Mitochondrial DNA (mtDNA)
Mitochondrial DNA (mtDNA, or less common mDNA) is DNA that is found in Mitochondria. Mitochondria is the part of organic cells that produce most of the cellular energy by converting organic materials into Adenosine Triphosphate (ATP) via the process of oxidative phosphorylation. Typically nuclear DNA determines the function a cell, however mitochondria have their own DNA and are assumed to have evolved separately (Endosymbiotic theory).
Mitochondrial DNA (mtDNA) analysis is useful in forensic cases in which nuclear DNA is insufficient for short tandem repeat (STR) typing. Shed body, head, and pubic hairs with no cellular material (hair follicle) attached to the root bulb and aged skeletal remains are the samples most commonly analyzed for mtDNA because nuclear DNA is not recoverable from these tissues. Usually a cell has hundreds or thousands of mitochondria which can occupy up to 25% of the cell's cytoplasm, and each mitochondrion contains 1-10 mtDNA molecules. The high copy number of mtDNA molecules found in each cell is one reason why mtDNA is recoverable from hairs and old skeletal remains.
Mitochondria in the sperm from the father are typically destroyed by the female egg cell immediately after fertilization, leaving behind only mtDNA from the mother. In 1999 it was reported that paternal sperm mitochondria (containing mtDNA) are marked with ubiquitin to select them for later destruction inside the embryo (Sutovsky et. al. 1999). Therefore the mother's mtDNA is passed on to the next generation; the fathers is typically not. However, it has also been proven that about 1-2% of a person's mitochondria can be inherited from the father.
Comparison of Mitochondrial DNA to Nuclear DNA
Number of Copies - There are only 2 Nuclear DNA Molecules in each cell as opposed to 100's to 1000's of Mitochondrial DNA per cell.
Inheritance - mtDNA is typically passed on only from the mother during sexual reproduction (mitochondrial genetics), meaning that the mitochondria are clones. This means that there is little change in the mtDNA from generation to generation, unlike nuclear DNA which is inherited from both the Mother and Father and changes by 50% each generation.

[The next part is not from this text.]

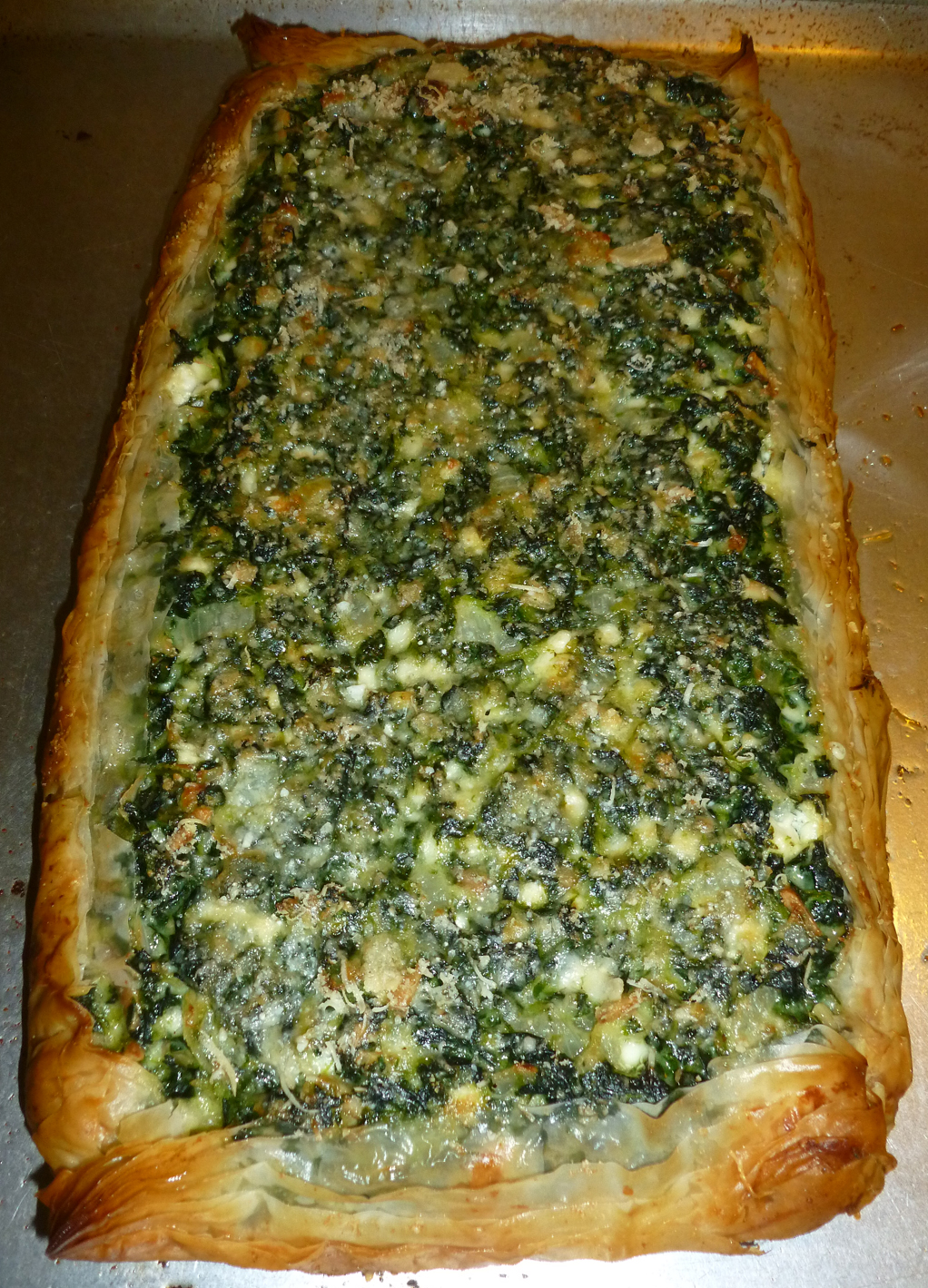 Working on the flat surface of your buttered baking sheet, lay down 1 sheet of the phyllo dough and, using a pastry brush, brush it lightly with some of the melted butter. Sprinkle about a tablespoon of the parmesan cheese over the butter, then top with another sheet of phyllo, repeating the butter, parmesan and phyllo sheets until all eight sheets are stacked on top of each other. Spoon the spinach filling down the center of your phyllo sheet, spreading it evenly and leaving about two inches of the phyllo uncovered all the way around it. Fold up the two long sides of the phyllo to just come up and over the top edge of the filling and brush the edges of the phyllo with some melted butter. Fold the two short ends of the phyllo just up and over the short edges of the filling and the ends of the long sides to make an evenly folded “package” and brush those ends with butter to seal it. Sprinkle the remaining parmesan cheese over the top of the spinach filling, and bake the tart in the oven until the tart is lightly browned on the top and the phyllo is golden brown (see photo below.) Remove from the oven and allow the tart to sit for about 5 minutes. Slice crosswise into six even slices and serve warm or at room temperature.

Location - Both Nuclear DNA and mtDNA are located in all cells except red blood cells. Nuclear DNA is located in the nucleus of a cell, and mtDNA is located in the mitochondria of the cell.
Structure and Composition - Both Nuclear DNA and Mitochondrial DNA have a double helix structure composed of Adenine (A), Cytosine (C), Guanine (G), Thymine (T). Nuclear DNA are linear molecules composed of 46 chromosomes and 3 billion nucleotides. Mitochondrial DNA are circular molecules and only contain 16,569 nucleotides.